- Crosslee Location within Renfrewshire
- Population: Included in statistics for Houston
- OS grid reference: NS408660
- Civil parish: Houston and Killellan;
- Council area: Renfrewshire;
- Lieutenancy area: Renfrewshire;
- Country: Scotland
- Sovereign state: United Kingdom
- Post town: JOHNSTONE
- Postcode district: PA6
- Dialling code: 01505
- Police: Scotland
- Fire: Scottish
- Ambulance: Scottish
- UK Parliament: Paisley and Renfrewshire North;
- Scottish Parliament: Renfrewshire North and West;

= Crosslee =

Crosslee is a small village lying on the bank of the River Gryffe in the civil parish of Houston and Killellan, Renfrewshire, in Scotland. It lies around half a mile south of the old village centre of Houston and immediately west of Craigends, although residential development has removed any significant open space between the three.

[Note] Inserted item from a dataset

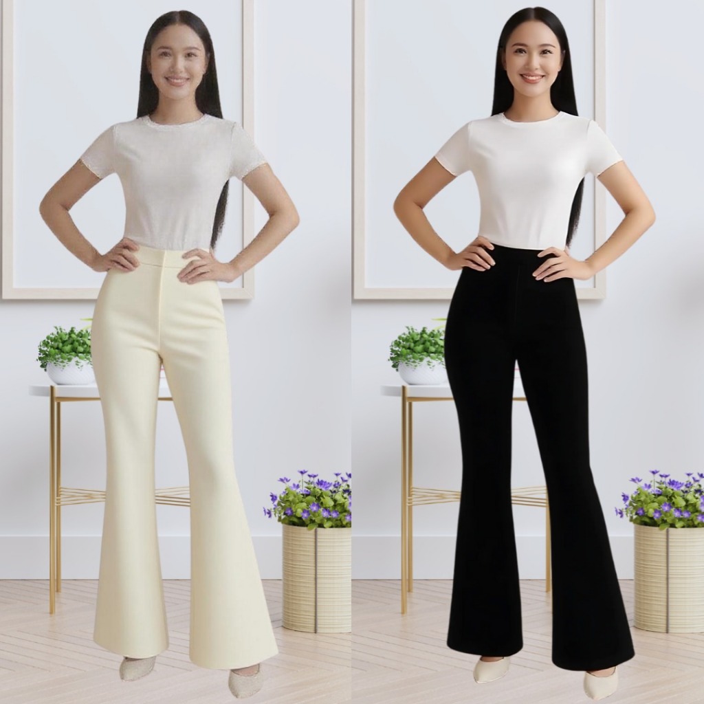 Terbaru Celana Fit And Flare Pants Cutbray Scuba Pinggang Highwaist Bahan Streach Melar Elastis

The village itself is largely composed of private housing and exists chiefly as a dormitory settlement. There is one public house and a small public park.

==History==
Crosslee developed as a small community around a cotton mill, which opened in late 1700s. The factory was later developed and operated by R&T Jack who manufactured thread on the site. During the World War I their major customer was Nobel and the factory converted to producing “gun cotton” for the war effort. After the war the factory was rebuilt with the original stone building being replaced by a concrete structure in the 1920s.

The factory was eventually sold to Nobel Explosives (who became ICI) in 1926. They operated it till it was sold to TH Lawson in 1959 where the company traded as Lawtex and they manufactured umbrellas. It was demolished in 1985. An existing mill building, which still exists beside the river, has been redeveloped to provide office space.

==Governance==
Crosslee is part of Ward 9 (Houston, Crosslee and Linwood) for local authority elections to Renfrewshire Council, a four-councillor ward.

With the decline in the importance of the civil parish, Crosslee has found itself associated for local government purposes with Houston Community Council.